* WHAT YOU ARE ASKED TO DO *
Verbatim output of the lines below is required, with the images omitted.

* DATA *
Segment Open

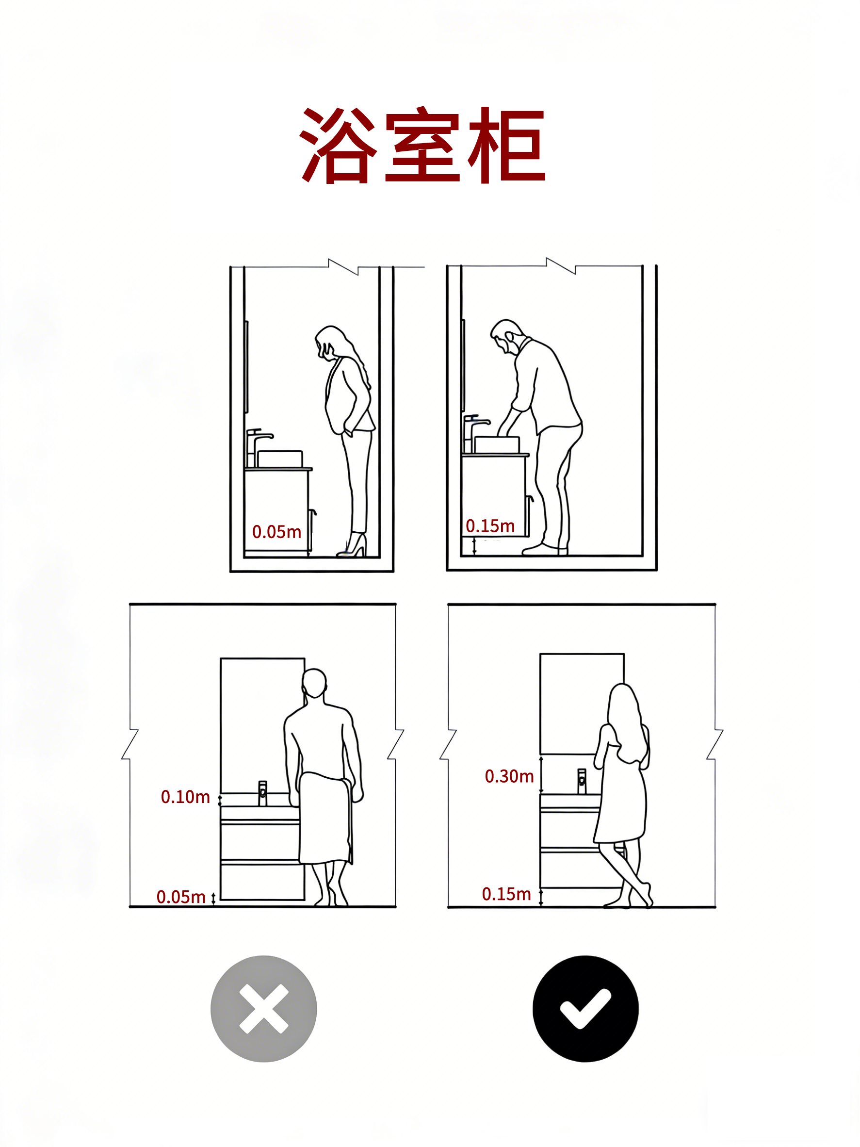 浴室柜:柜前预留活动空间,底部留空方便清洁与收纳。
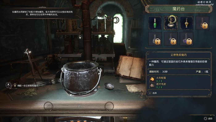 而《霍格華茲之遺》在這方面做的就相當對我的胃口,甚至玩出了點煉金工房的感覺——比如喝的藥劑,同樣是需要自己種植物和採集、自己攪大鍋製造的(雖然沒有複雜的分子式重構等更進一步的系統)。這種所穿、所用的物品都需要自己一步步的完成獲取的過程,並且和學院的課程、角色的劇情等遊戲內容息息相關,對於魔法世界的代入感效果就十分不錯了。
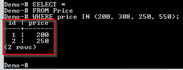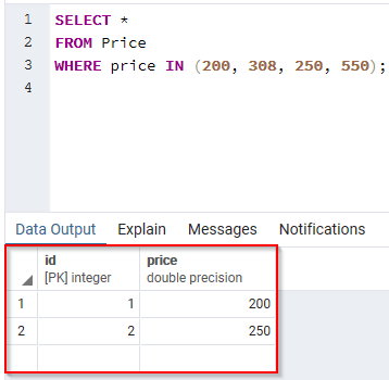 We have created a list with 4 numeric values. We are checking whether we can match any of these values with the values contained in the price column of the Price table. Two values were matched, and their details were returned.
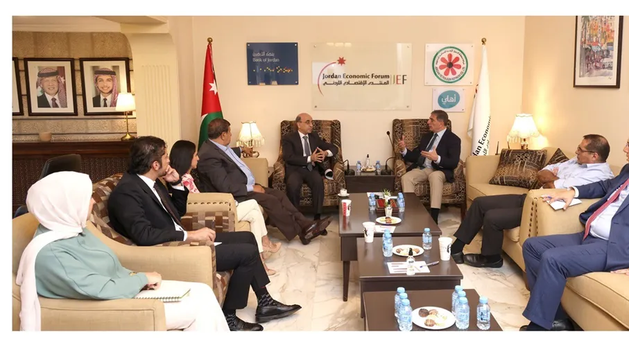 عقد المنتدى الاقتصادي الأردني جلسة حوارية ضمن “الصالون الاقتصادي” بعنوان “البطالة ورؤية التحديث الاقتصادي”، بمشاركة مدير عام المركز الأردني لحقوق العمل – بيت العمال حمادة أبو نجمة، وبحضور رئيس المنتدى مازن الحمود وعدد من أعضاء مجلس إدارة المنتدى والهيئة العامة.

Segment Closed

* SOLUTION TO THIS PROBLEM *
 浴室柜:柜前预留活动空间,底部留空方便清洁与收纳。
 而《霍格華茲之遺》在這方面做的就相當對我的胃口,甚至玩出了點煉金工房的感覺——比如喝的藥劑,同樣是需要自己種植物和採集、自己攪大鍋製造的(雖然沒有複雜的分子式重構等更進一步的系統)。這種所穿、所用的物品都需要自己一步步的完成獲取的過程,並且和學院的課程、角色的劇情等遊戲內容息息相關,對於魔法世界的代入感效果就十分不錯了。
 We have created a list with 4 numeric values. We are checking whether we can match any of these values with the values contained in the price column of the Price table. Two values were matched, and their details were returned.
 عقد المنتدى الاقتصادي الأردني جلسة حوارية ضمن “الصالون الاقتصادي” بعنوان “البطالة ورؤية التحديث الاقتصادي”، بمشاركة مدير عام المركز الأردني لحقوق العمل – بيت العمال حمادة أبو نجمة، وبحضور رئيس المنتدى مازن الحمود وعدد من أعضاء مجلس إدارة المنتدى والهيئة العامة.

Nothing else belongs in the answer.